FGV Holdings Bhd is clearly gunning for the top position in dairy farming with its ambitious joint venture (JV) that is raising RM4.5 billion to build and run an integrated facility in Chuping, Perlis.

If executed well, its 40% stake in the still unnamed dairy JV with Qatar-based Baladna — whose farm is home to 24,000 Holstein cows and whose dairy products are instrumental in the Middle Eastern country (2.9 million population) achieving 100% self-sufficiency in milk production — can be a substantial boost to the group’s fortunes that has hitherto been largely tied to oil palm.

It remains to be seen if FGV minority shareholders and others who think its share price should be worth more than the current RM1.50 level will get to enjoy some of the upside potential.

Last Tuesday, FGV — whose free float stood at 12.94% as at July 20 — announced that Bursa Malaysia Securities Bhd had rejected its request for more time to comply with the public shareholding spread requirement, adding that it is aware that the trading of its shares may be suspended as it is one of the penalties for breaching Paragraph 8.02(1) of the listing requirements.

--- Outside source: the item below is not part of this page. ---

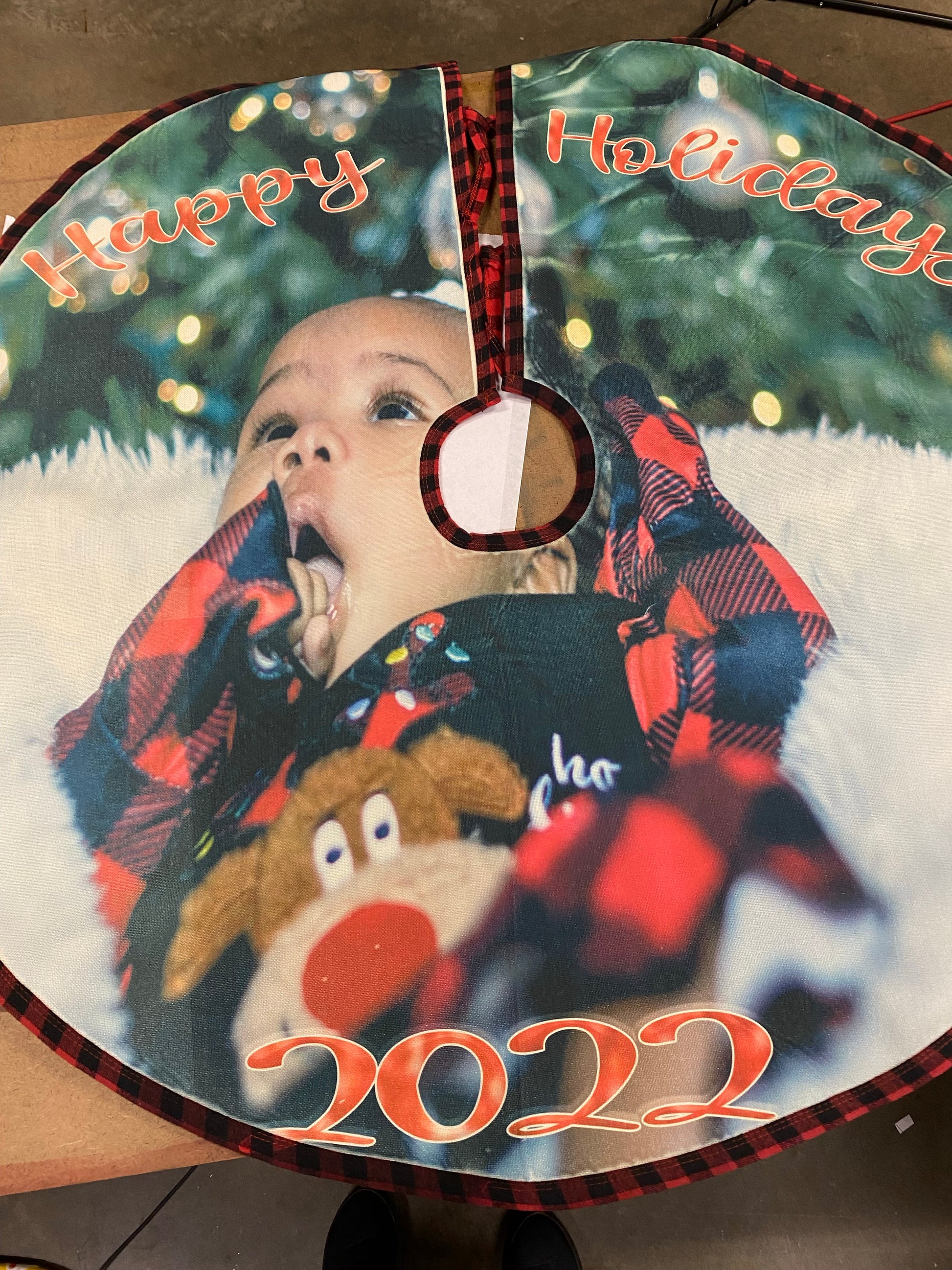 These tree skirts are a beautiful addition to your Christmas decorations, you can add a picture to them.

Its controlling shareholder, the Federal Land Development Authority (FELDA) — whose filings show that it bought one million shares on Aug 1 and 1.32 million shares on Aug 4 to lift its shareholding to 81.1% (12.415% held indirectly) — had in a letter dated Aug 2 “maintained its intention not to retain the listing status of [FGV] as indicated in its privatisation offer dated January 2021”, the announcement to the stock exchange dated Aug 23 reads.

FGV’s share price was little changed post-announcement, closing at RM1.50 last Thursday to give the company a market capitalisation of about RM5.5 billion, which is only a quarter of the RM19 billion it commanded upon its debut on the Main Market just over a decade ago on June 27, 2012, after selling shares at RM4.45 apiece (adjusted to RM3.55), Bloomberg data show. FGV’s market value had already slipped below RM10 billion by end-2014 but is currently double its all-time low of only RM2.3 billion in late December 2018, when its share price dived to as low as 58.5 sen apiece.

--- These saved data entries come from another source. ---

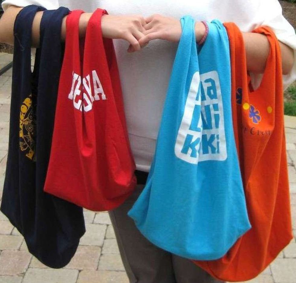 Although this one may be a bit more difficult and time consuming than the no-sew bag, it is still cool. Make this if you have quite a few stained T-shirts, or if your roommate is trying to get rid of some clothes you can make this instead of throwing the shirts away..
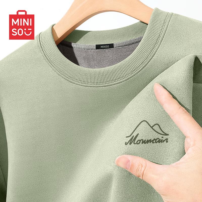 MINISO Men's Suede-Like Fleece-Lined Crew Neck Pullover
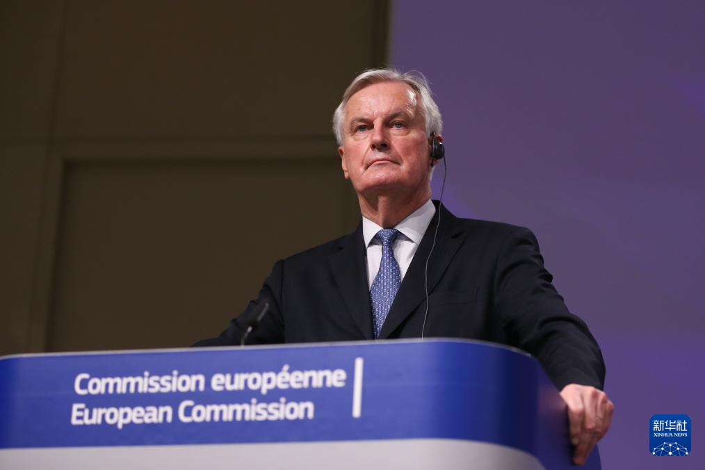 这是2020年12月24日,米歇尔·巴尼耶在比利时布鲁塞尔的欧盟委员会总部出席新闻发布会时的资料照片。 新华社记者 郑焕松 摄

Except for RHB Research (“sell”, target price: RM1.25), six of the seven analysts who updated their recommendations in August have target prices above the RM1.30 per share that FELDA offered to privatise FGV in early 2021, Bloomberg data show. The highest is TA Securities’ RM1.85, which is the only research house with a “buy” recommendation. AmInvestment Bank has a “sell” call with a target price of RM1.35, while four other research houses have “hold” recommendations.

At the time of writing, there were no indications as to whether FELDA was going to make another takeover offer for FGV.

According to the Aug 6 announcement, however, FGV and Baladna will be taking a 40% stake each in the proposed JV and lesser-known Touch Group Holdings Sdn Bhd the remaining 20%. Some 70% of the RM4.5 billion project is to be raised via borrowings by the JV vehicle itself, with the remaining 30% (RM1.35 billion) coming from the equity of the three JV partners.

When contacted by The Edge, FGV CEO Mohd Nazrul Izam Mansor says the company “is not privy to any information or [privatisation] plans by FELDA”.

“As per FELDA’s offer document dated Jan 12, 2021, of the unconditional mandatory takeover offer by FELDA to acquire all the remaining ordinary shares in FGV, FELDA stated that it does not intend to maintain the listing status of FGV. FELDA has indicated that this intention remains unchanged,” he tells The Edge in an email reply.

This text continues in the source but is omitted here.